The technical scheme adopted by the invention can detect the conflict between the possible situation of the actual train on the operation line and the direct resetting operation of the counting shaft of the worker, perform secondary protection and check on the correctness of the direct resetting of the manual operation counting shaft (especially when the counting shaft has a large-area fault), and reduce the safety problem caused by the train loss due to the misoperation of the worker.
The following detailed description of the present invention will be provided in conjunction with the accompanying drawings.
Drawings
The invention is further described with reference to the accompanying drawings and the detailed description below:
fig. 1 is a schematic diagram of a non-TVB train which is stuck first and then split into two NIVB for tracking after encountering a fault section.

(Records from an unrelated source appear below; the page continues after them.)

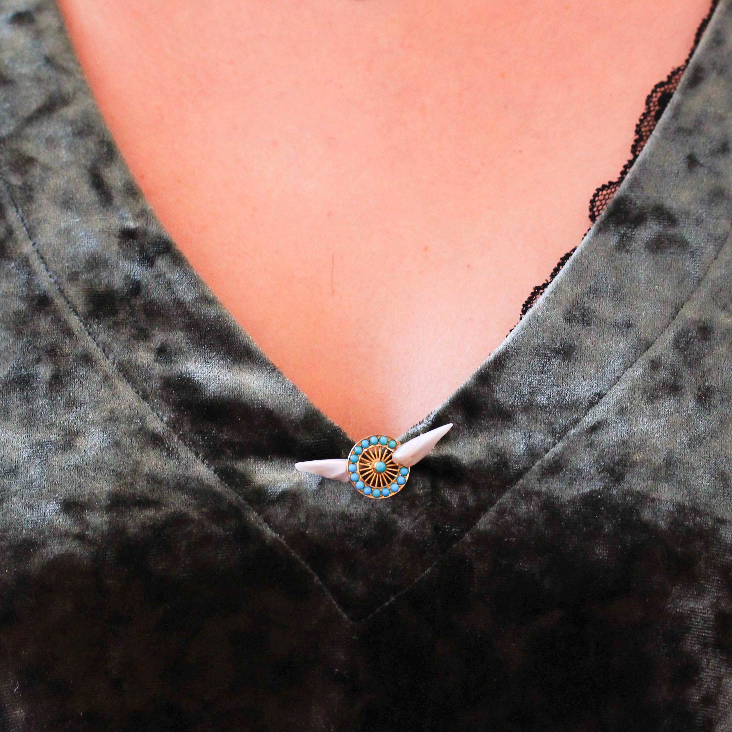 Collectible antique circa 1890s Victorian era 18k yellow gold winged wheel brooch! This symbolic antique pin is a powerful, ancient symbol representing speed, motion, progress, and freedom, often signifying safe, swift travel. Originating from the wings of the Greek god Hermes, the winged wheel symbol is frequently used to represent transportation, engineering, automotive power or specialized, high-speed, and dangerous work, such as in motorcycle police units. The Victorian era lapel brooch features natural blue turquoise cabochon gemstones and two dramatic elongated baroque pearls. The brooch secures with a handmade 10k gold pin backing. A fantastic piece of fine antique jewelry, steeped in symbolism inspired by the Greek God, Hermes!
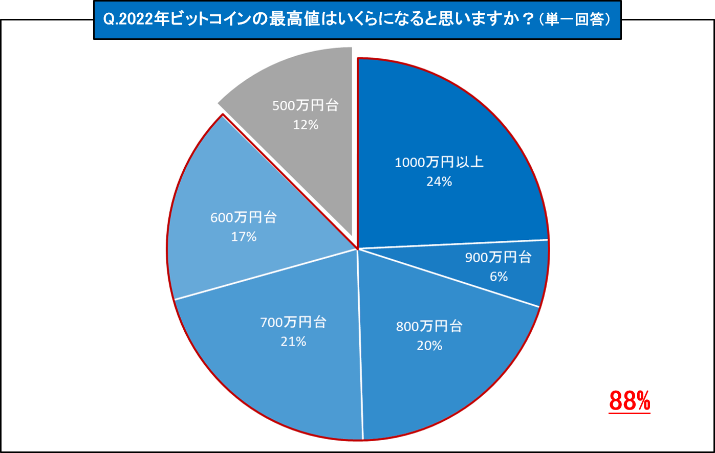 - 2022年、ビットコイン最高値が今より上昇(600万円以上)すると予想している人が約9割!
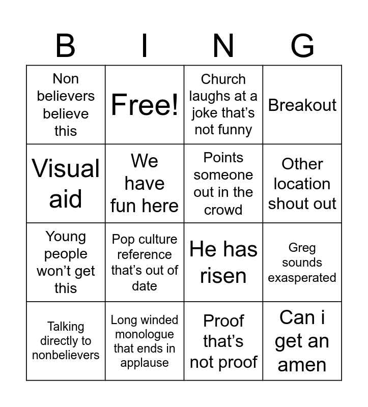 This bingo card has 19 words: He has risen, Celebrity mention Greg knows, Church laughs at a joke that’s not funny, Can i get an amen, Greg sounds exasperated, Visual aid, Proof that’s not proof, Non believers believe this, Free!, Young people won’t get this, Pop culture reference that’s out of date, We have fun here, Points someone out in the crowd, Long winded monologue that ends in applause, Talking directly to nonbelievers, We’re different here, Breakout, Other location shout out and Self deprecation.
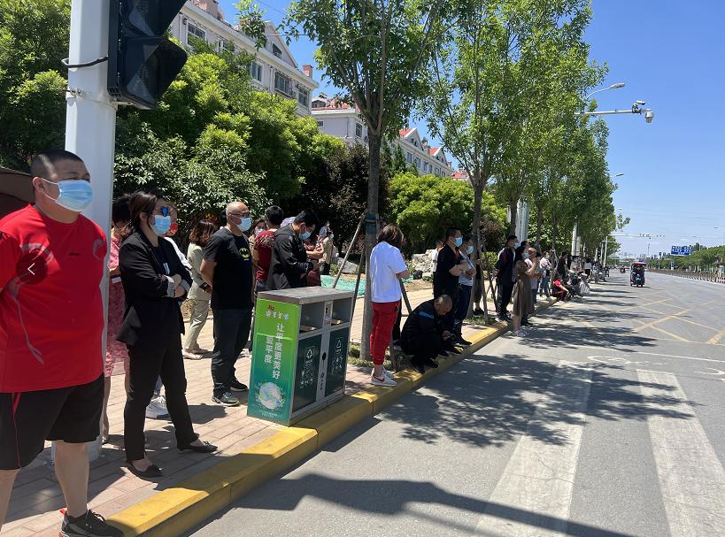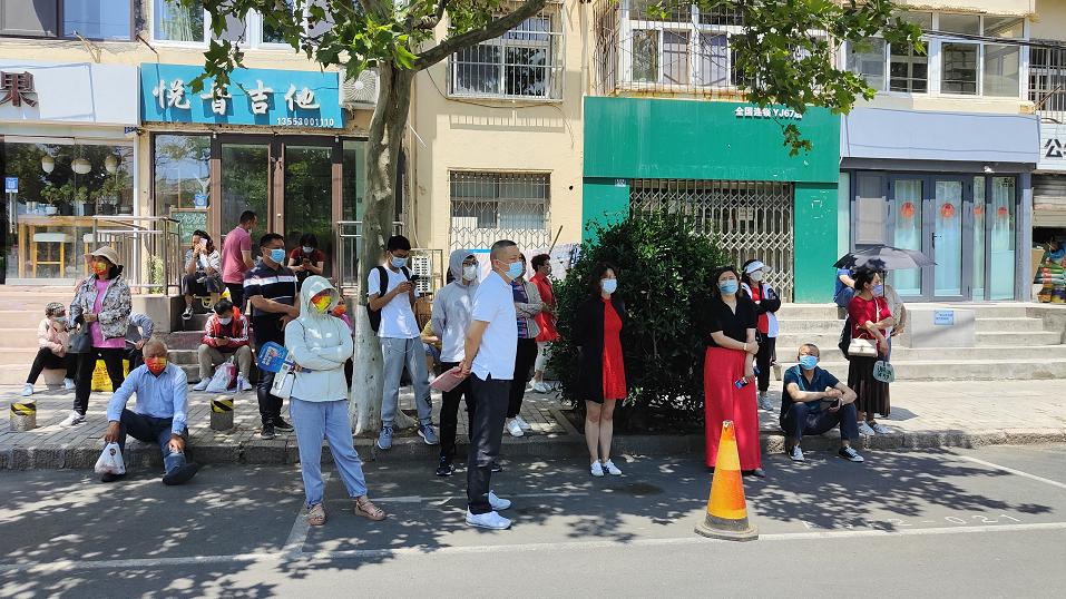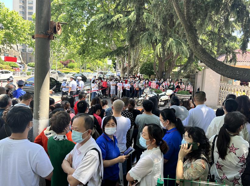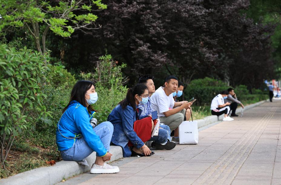 城阳二中考点外,家长们焦急地等待。 半岛全媒体记者 张彤 摄
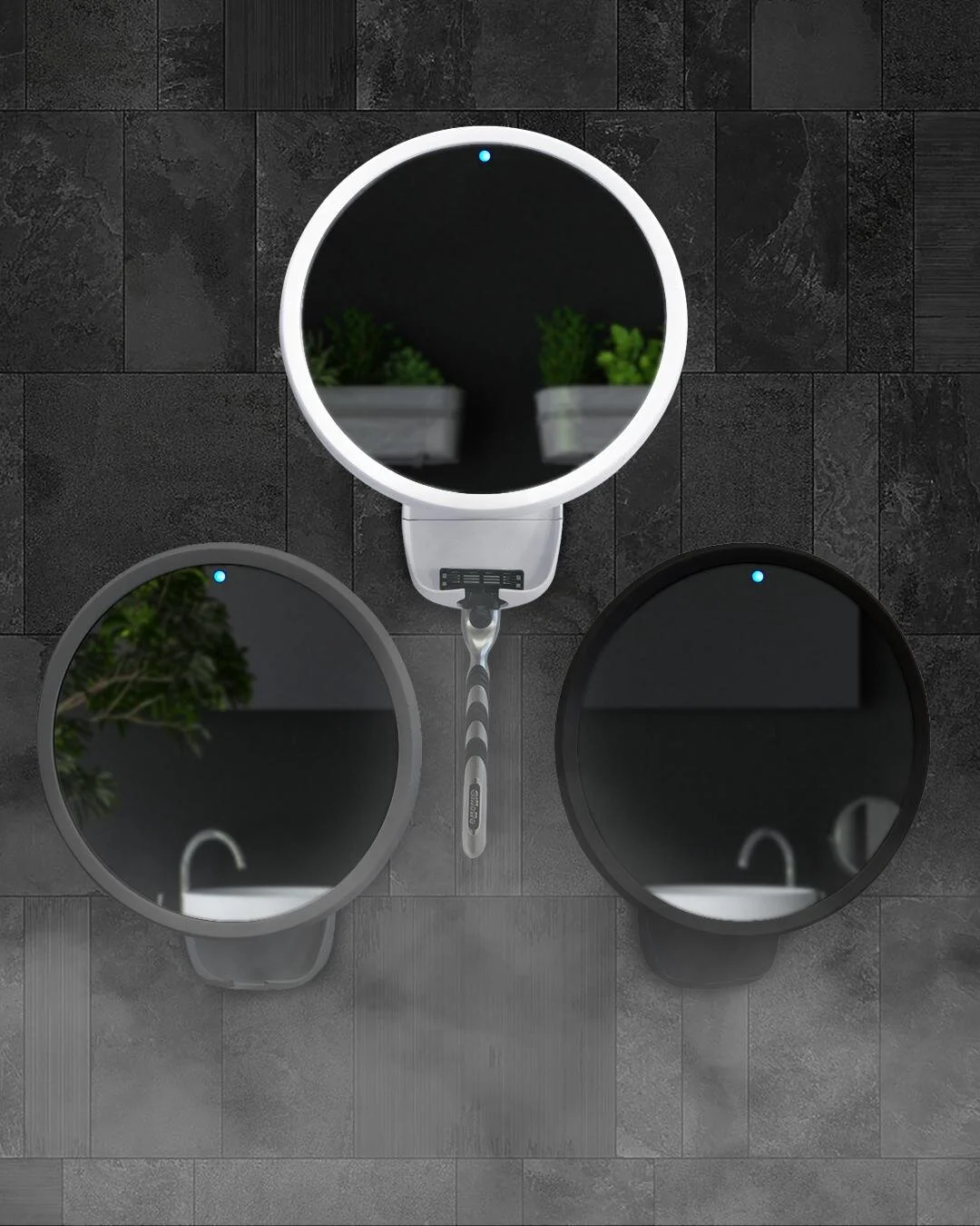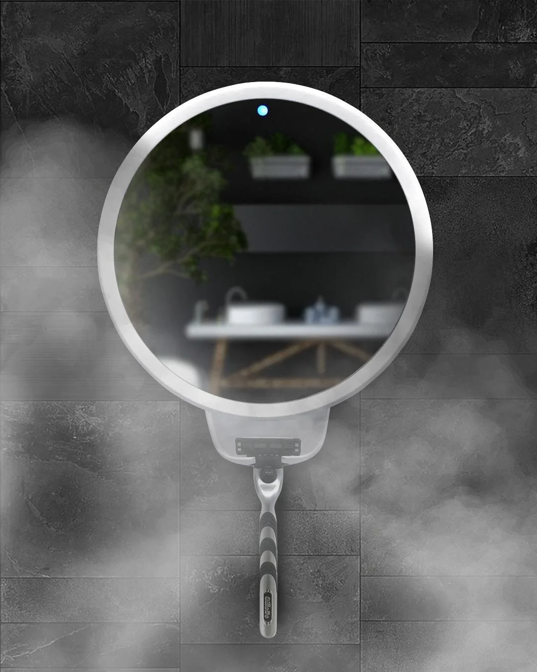 This Electrically heated shaving mirror provides a fog free shave when in the shower. The mirror has a built-in lithium battery that provides enough power for a weeks worth of shaving. It securely attaches to the wall via a strong 3M VHB adhesive. The mirror also has a built in razor holder.

FIG. 2 is a schematic diagram of the combination of the NTVB/SVB and the NIVB on the axle counting fault section into one NIVB.
Detailed Description
For direct resetting operation of the metering shaft, a ZC judges whether the direct resetting operation of the metering shaft is correct or not in a mode of counting the number of trains possibly existing in an NIVB formed by combining an NTVB/SVB and an NIVB on a fault metering shaft section, only when the count in the NIVB is 0, the ZC can use the clearing state information of the fault section after the direct resetting of the metering shaft is executed and the fault metering shaft section is changed into a clearing state, and when the NIVB only covers the fault section, the ZC can delete the NIVB on the fault section.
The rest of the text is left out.